Qui aurait pensé qu'un tel drame se produise ? Même dans ses pires cauchemars rien de tel ne s'était produit. Elle inspira une grande goulée d'air, de nouveau prise dans un tourbillon de souvenirs. Sa course effrénée à travers les sous-bois, la peur qui l'avait submergée au moment où elle croyait que tout était perdu, sa chute dans le ravin... Les images tournaient dans son esprit nuit et jour depuis cette terrible soirée.

Le visage calciné de ses camarades, les hectares réduits à néant... Les dommages étaient impressionnants. Les pertes dans leurs rangs se comptaient en centaines, et certains corps n'avaient pas été retrouvés – le nombre de disparus ne cessaient de s'élever alors que l'incident datait de plusieurs jours. Elle se souvenait du moindre détail, chaque seconde imprimée dans sa chair et son esprit, marquée au fer rouge par la morsure des balles et de l'effroi.
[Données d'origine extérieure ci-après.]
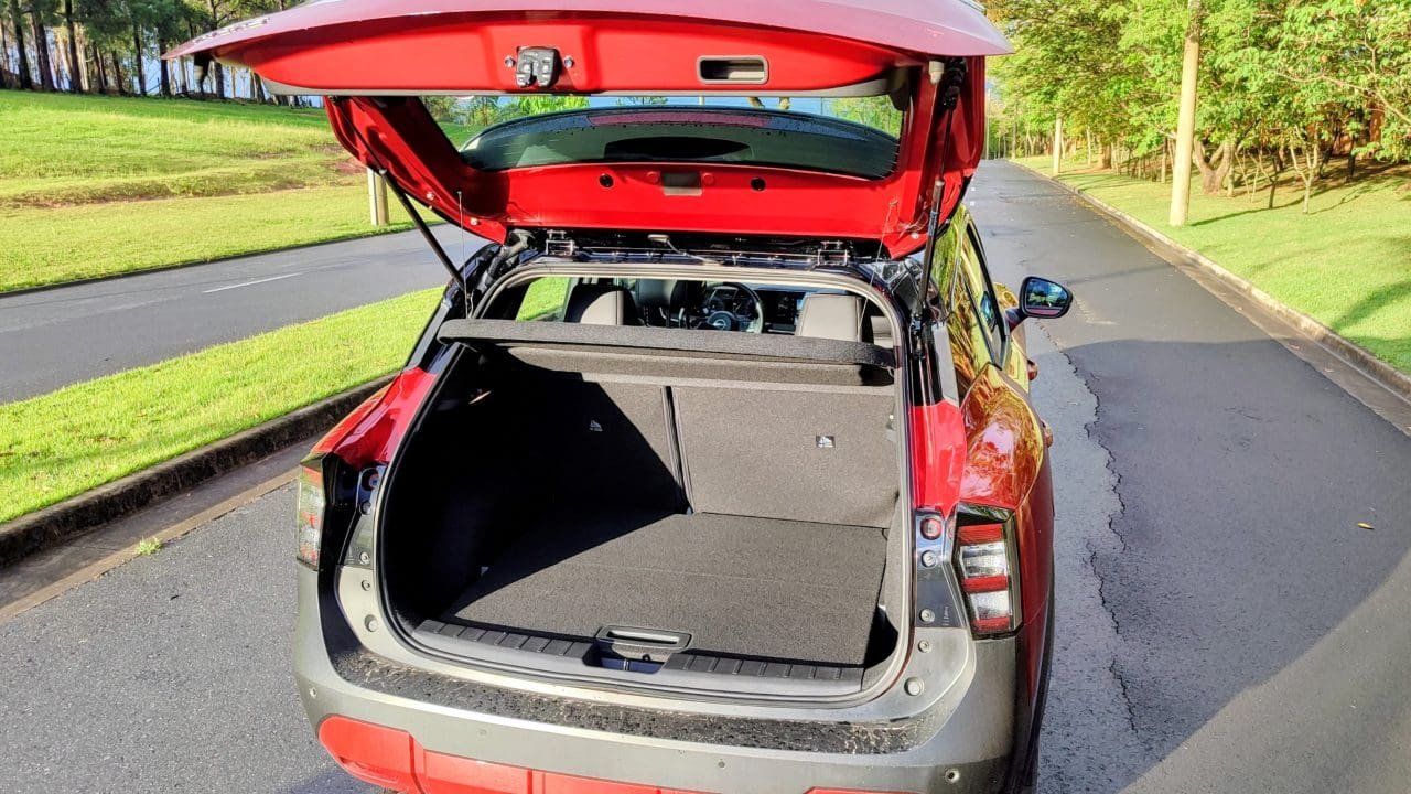 Com a carroceria maior, também ganha muitos pontos em espaço interno. Quatro adultos grandes vão bem acomodados nele, sem sofrer com aperto nas pernas, ombros ou cabeça. Se você tem a primeira geração do Kicks como referência em espaço interno, saiba que essa ficou ainda melhor. E o porta-malas, maior que o de Compass ou Corolla Cross, bebe da mesma fonte: são 470 litros de capacidade. Mancada só não oferecer tampa elétrica nessa versão…

Edenn avait ressenti pour la première fois de la terreur. Celle de perdre Ysabeau et Yugyeom, de se retrouver seule dans ce monde qui la révoltait au plus haut point. Elle n'aurait pas supporté d'apprendre leurs morts ; évidemment, la rousse avait envisagé la possibilité de ne plus jamais les revoir. Alors quand elle avait vu la large silhouette de son ami, recouvert de suie, elle n'y croyait pas.

Au cœur de l'épouvante, la goule avait cru mourir. Elle qui se confrontait si souvent au danger, marchant sur le fil du rasoir en permanence, cette fois-ci, elle avait réalisé qu'elle ne voulait pas disparaître. Qu'au milieu de cet enfer, il lui restait quelque chose à protéger, bien qu'elle pensât que plus rien ne la retenait dans ce coin pourri, une flamme s'était allumée dans son cœur alors que les flammes dévoraient tout autour d'elle.

Edenn, on y va ? Ysabeau nous attend.

L'écarlate se tourna vers Yugyeom, un pâle sourire collé aux lèvres. Une brise fraîche caressa son visage et elle ferma les yeux quelques instants. Le murmure des disparus atteignit ses oreilles et la mangeuse d'âmes expira longuement, leur promettant de venger leurs mémoires dès qu'elle en aurait l'occasion. Ils entamèrent la descente, silencieux.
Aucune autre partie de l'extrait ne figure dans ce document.